Nov. 11th, 2011

.005

WARDED TO PETER:
I can't sleep. You're probably asleep so won't even read this until the morning, but I can't sleep. I figured if by the off chance you were still up and I caught you, that I'd tell you this even if it's something dumb for me to be whinging about to you. That I can't sleep, that is.

Nov. 6th, 2011

.004

WARDED TO SHERLOCK:
You've been voted by myself to help me figure out a way to raise morale in the office. Between Auror Scrimgeour and all of these people turning out to be vigilantes and all of these trials, everyone just seems kind of... blah. So I want to find a way to show the full-fledged members of the DMLE how much they are appreciated, even if it's by two of their trainees.

We need a plan and you're the most anal retentive diligent person I know. Yay you!
WARDED TO DMLE:
I already passed word through a few people, but thought I'd make an "official" statement about how since I stayed late to review some theories and help with paperwork - & am still here - that I'm willing to refill any coffee mugs or tea cups before I head out!
PETER, DID YOU KILL THAT SPIDER THAT WAS IN THE LOO YET? I KIND OF NEED TO SHOWER WHEN I COME HOME AND CAN'T WHEN THERE IS BUG THE SIZE OF A FRYING PAN STARING AT ME WHILE I'M TRYING TO WASH MY HAIR!

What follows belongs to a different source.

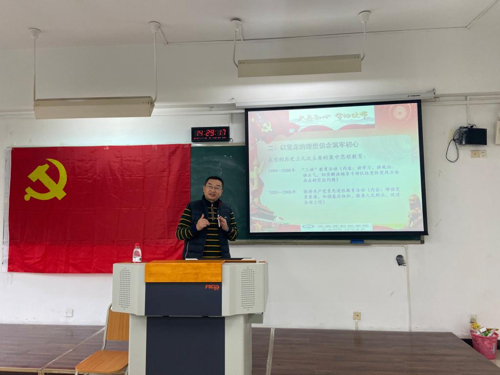 美狮贵宾会分党委副书记李华平为全体教工党员做了题为《筑牢中国共产党人的初心》的专题党课,他解读了守初心的内涵,并从铭记党章和入党誓词中的初心、以坚定的理想信念筑牢初心、以真挚的人民情怀滋养初心、以牢固的公仆意识践行初心四个方面具体阐述了新时代党员及党员干部如何正初心、固初心、亮初心。他在党课中还剖析了学院领导班子的检视问题清单和调研情况,直面学院在教学科研、人才建设、学科发展、师德师风及联系我们等各方面存在的差距和不足,也指出了学院教师党员的先进性和示范引领性并未得到充分的彰显。结合学院的具体工作,他要求全院上下统一思想稳方向,凝心聚力谋发展,守好初心,谋事创业。

Also, are there any pastries left or should I pick up more? Love you. Thanks.

Oct. 10th, 2011

.003

i don't think i have a stomach lining anymore. and this stupid nurse won't leave me alone.

bloody duck.
Tags:

.002

WARDED TO PETER:
What do you make of what happened on the WWN the other day? I've been thinking it over for a few days and I'm not entirely sure I want to believe the son of a Death Eater made it through the DMLE screening process. On the other hand? Like... that was a lot of information those people knew. Do you think someone just might make up a bunch of lies to paint those people in a good light even if they were really Death Eaters themselves? It's not like subterfuge isn't a dime a dozen these days, sadly.

And I'm sorry I called you a stupid bloody wanker. You're not.
WARDED TO DMLE TRAINEES:
Does someone want to have a practice duel tomorrow? Not focused on any one thing specifically, but I just want to practice.
WARDED TO AUROR SCRIMGEOUR:
Sir, I was wondering if I might have a word with you at your discretion.
I'm sick of pancakes. I think I've been making them so much lately that I've set myself off them.

Oct. 3rd, 2011

.001

PRIVATE:
Nine days. You can do this, Piper.
FOUND IT! And yet I'm still not sure how I continually lose my journal, only to find it in the most random places. The icebox? Check. Under the radiator? Check. Under the post? Check. In a flower pot in the backyard, sitting on my windowsill behind the curtains or on top of the drying dishes? Check, check and check!

Peter, I'm beginning to suspect our house is haunted.

Though our neighbor across the way would probably like that since he's already started putting up his Hallowe'en decorations. I love that he practically has a pumpkin patch set out in his yard, but think he could do without the scarecrow that looks like a witch. She's a bit too green and warty and foul-looking for me. Her familiar is cute, at least.